## [REQUIRED WORK]
Every entry below is to be copied word for word, with its pictures removed.

## [MATERIAL SUPPLIED]
=== Section Start ===

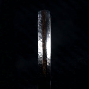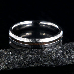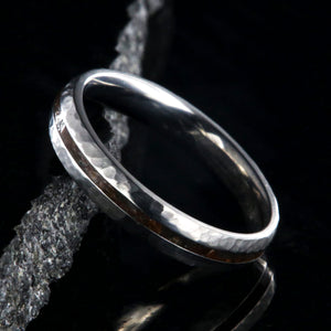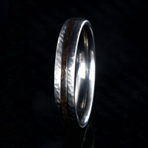 Just like a Tyrannosaurus rex's teeth, this dinosaur bone ring features precise edges in a fine, hammered texture and is highlighted by a thin inlay of dinosaur bone. Artisan jewelers made this ring with care and precision to ensure comfortable all-day wear and durability for the everyday activities of life.
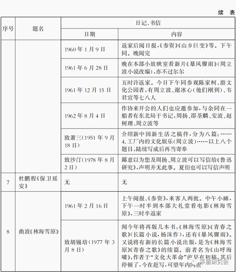 從表2中可見,柳青《創(chuàng)業(yè)史》、周立波《山鄉(xiāng)巨變》在日記中有明確記錄,其中在致朱棠(1973年12月11日)中“你需要的《創(chuàng)業(yè)史》及《母親》找不到,想來你記錯或者被人拿走了。我的孫兒的同學常來這間書房里找書,有時借了去也不說一聲“,更是證實了茅盾藏書中《創(chuàng)業(yè)史》的一種可能去向。
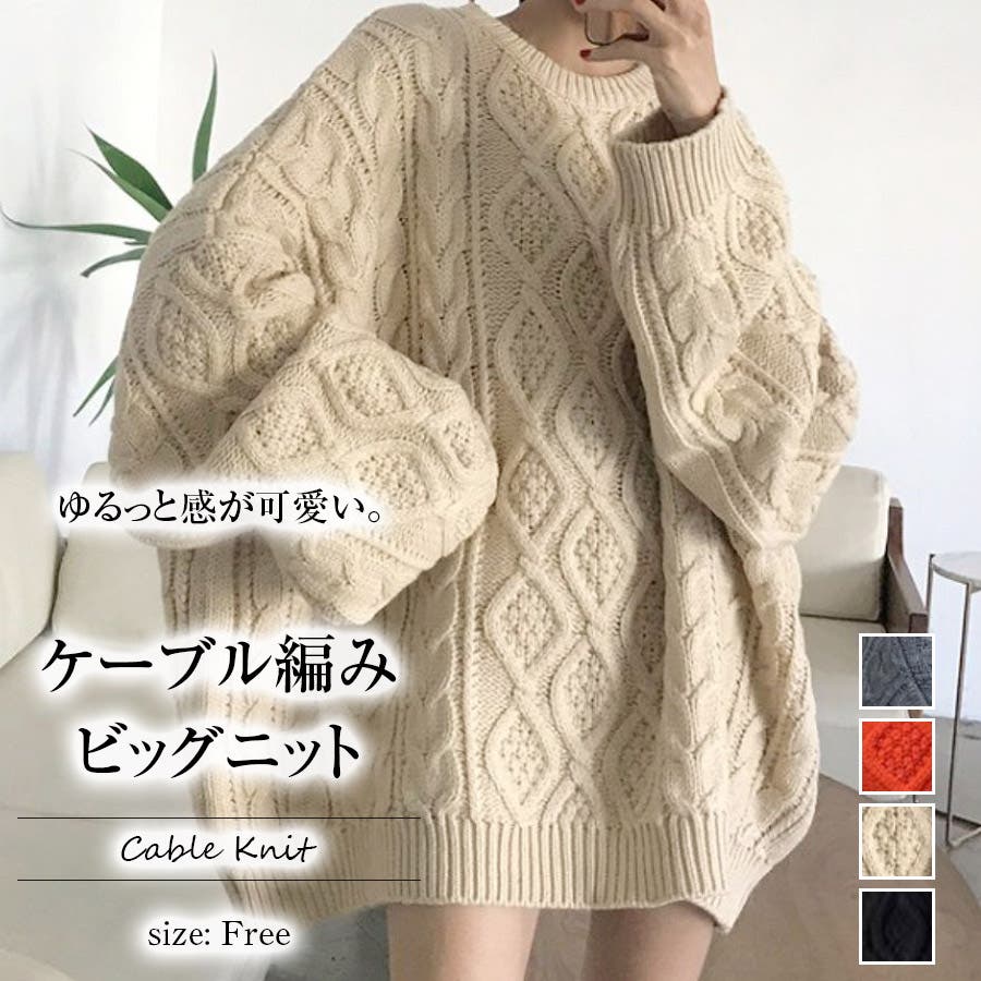 ざっくりケーブルニット・セーター【韓国ファッション】
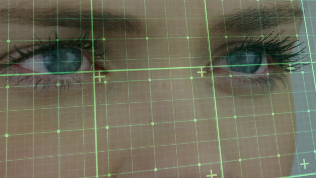 Eye-Tracking Technology Over Woman's Eyes with Digital Grid Overlay Video
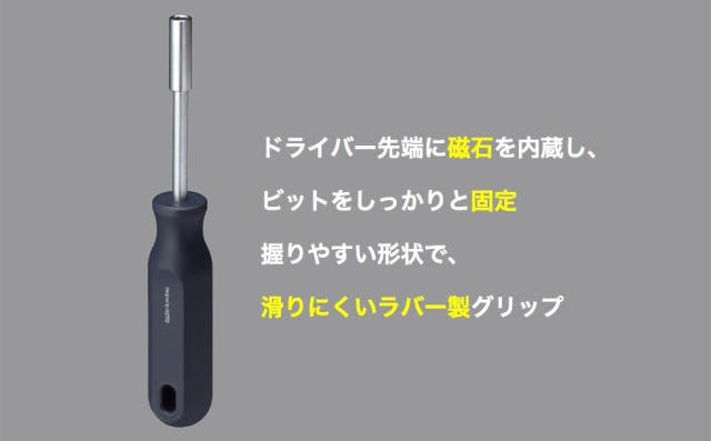 ・ドライバー先端に磁石を内蔵し、ビットをしっかりと固定
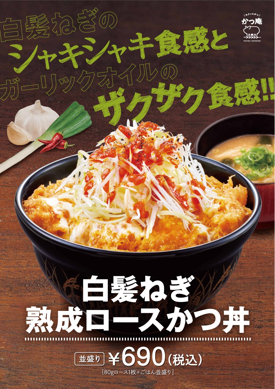 シャキシャキ白髪ねぎとガーリックオイルの旨辛な味わい!かつ庵「白髪ねぎ熟成ロースかつ丼」新発売
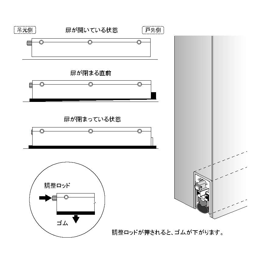 - 高い気密性、遮音性が得られ、扉を閉めるときの衝撃音も抑えます。
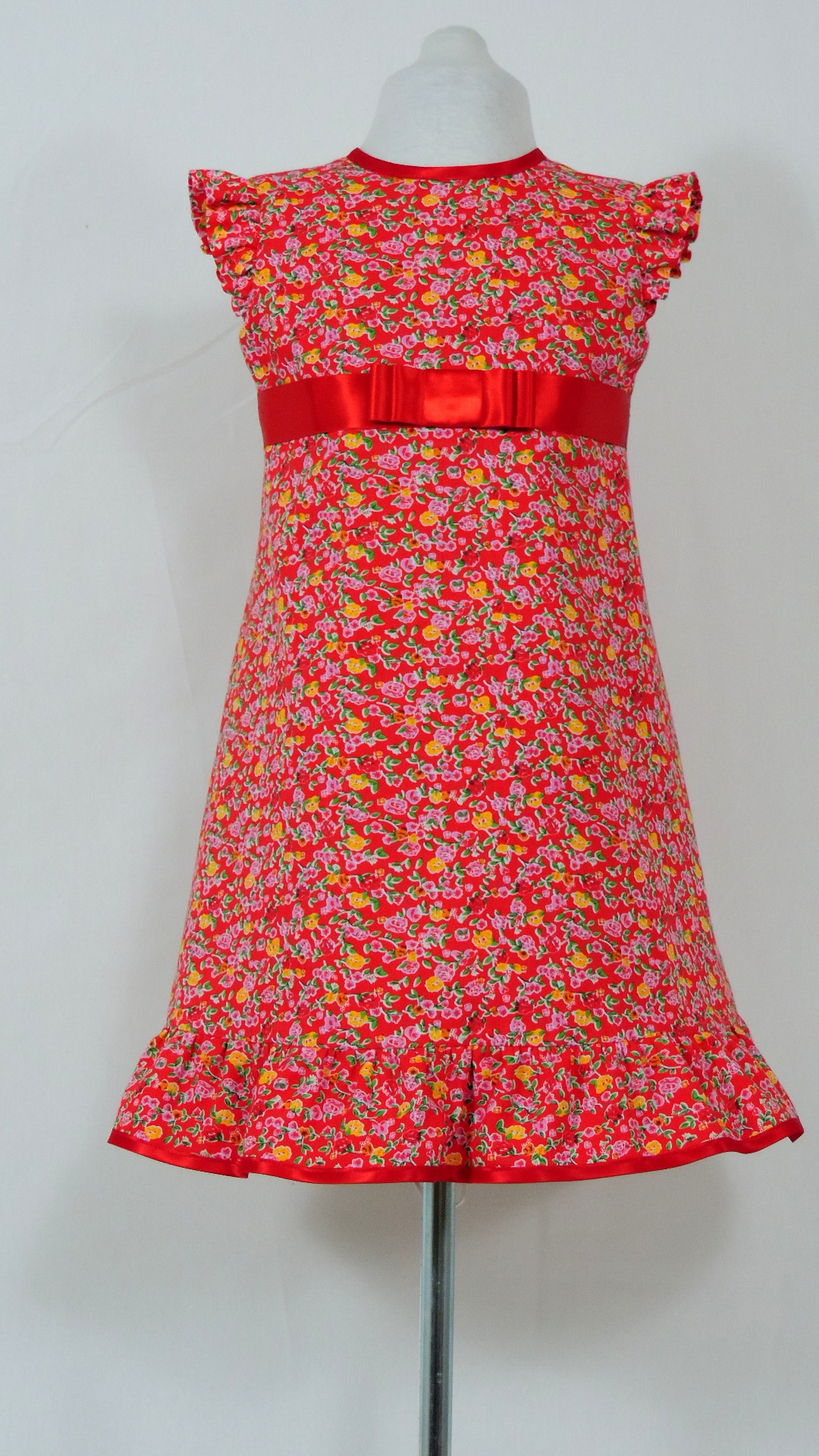 Kleid mit Flügelärmel und Volant. Das Kleid aus rotem, mit bunten Blüten bedrucktem Stoff voll gefüttert. Beide Stoffe sind aus Baumwolle, Satingurt und Einfassung sind synthetisch.
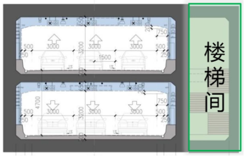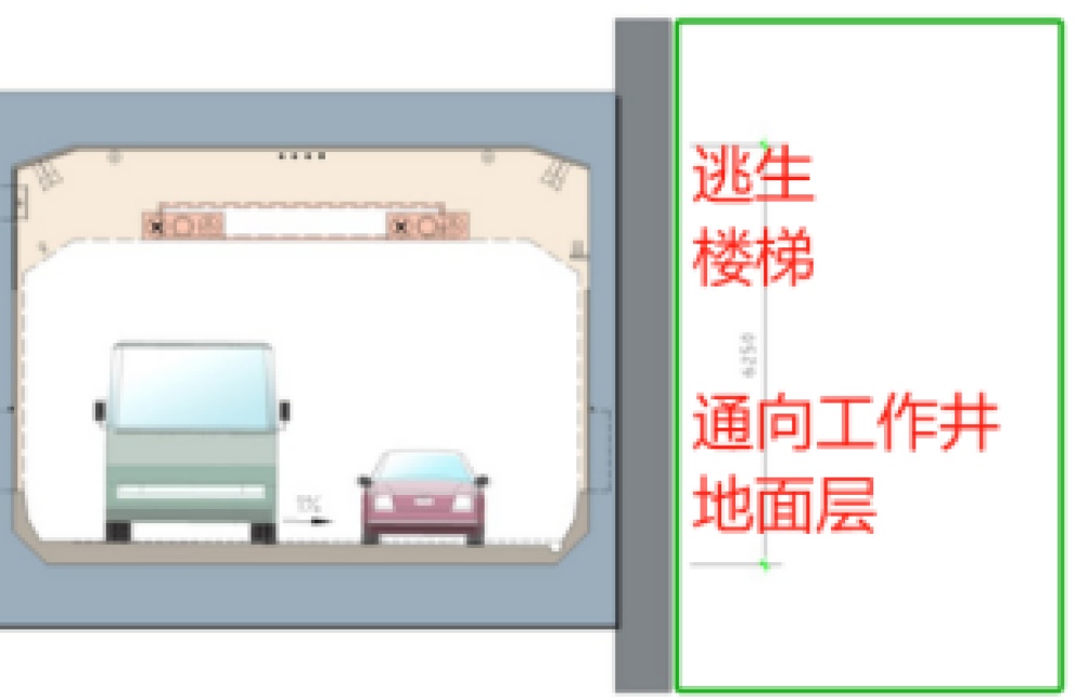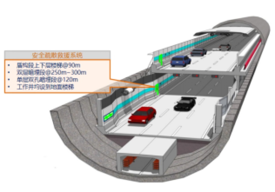 隧道中部(盾构段),一般通过上下层逃生楼梯疏散,逃至对向车行通道。

=== Section End ===

## [THE ANSWER]
 Just like a Tyrannosaurus rex's teeth, this dinosaur bone ring features precise edges in a fine, hammered texture and is highlighted by a thin inlay of dinosaur bone. Artisan jewelers made this ring with care and precision to ensure comfortable all-day wear and durability for the everyday activities of life.
 從表2中可見,柳青《創(chuàng)業(yè)史》、周立波《山鄉(xiāng)巨變》在日記中有明確記錄,其中在致朱棠(1973年12月11日)中“你需要的《創(chuàng)業(yè)史》及《母親》找不到,想來你記錯或者被人拿走了。我的孫兒的同學常來這間書房里找書,有時借了去也不說一聲“,更是證實了茅盾藏書中《創(chuàng)業(yè)史》的一種可能去向。
 ざっくりケーブルニット・セーター【韓国ファッション】
 Eye-Tracking Technology Over Woman's Eyes with Digital Grid Overlay Video
 ・ドライバー先端に磁石を内蔵し、ビットをしっかりと固定
 シャキシャキ白髪ねぎとガーリックオイルの旨辛な味わい!かつ庵「白髪ねぎ熟成ロースかつ丼」新発売
 - 高い気密性、遮音性が得られ、扉を閉めるときの衝撃音も抑えます。
 Kleid mit Flügelärmel und Volant. Das Kleid aus rotem, mit bunten Blüten bedrucktem Stoff voll gefüttert. Beide Stoffe sind aus Baumwolle, Satingurt und Einfassung sind synthetisch.
 隧道中部(盾构段),一般通过上下层逃生楼梯疏散,逃至对向车行通道。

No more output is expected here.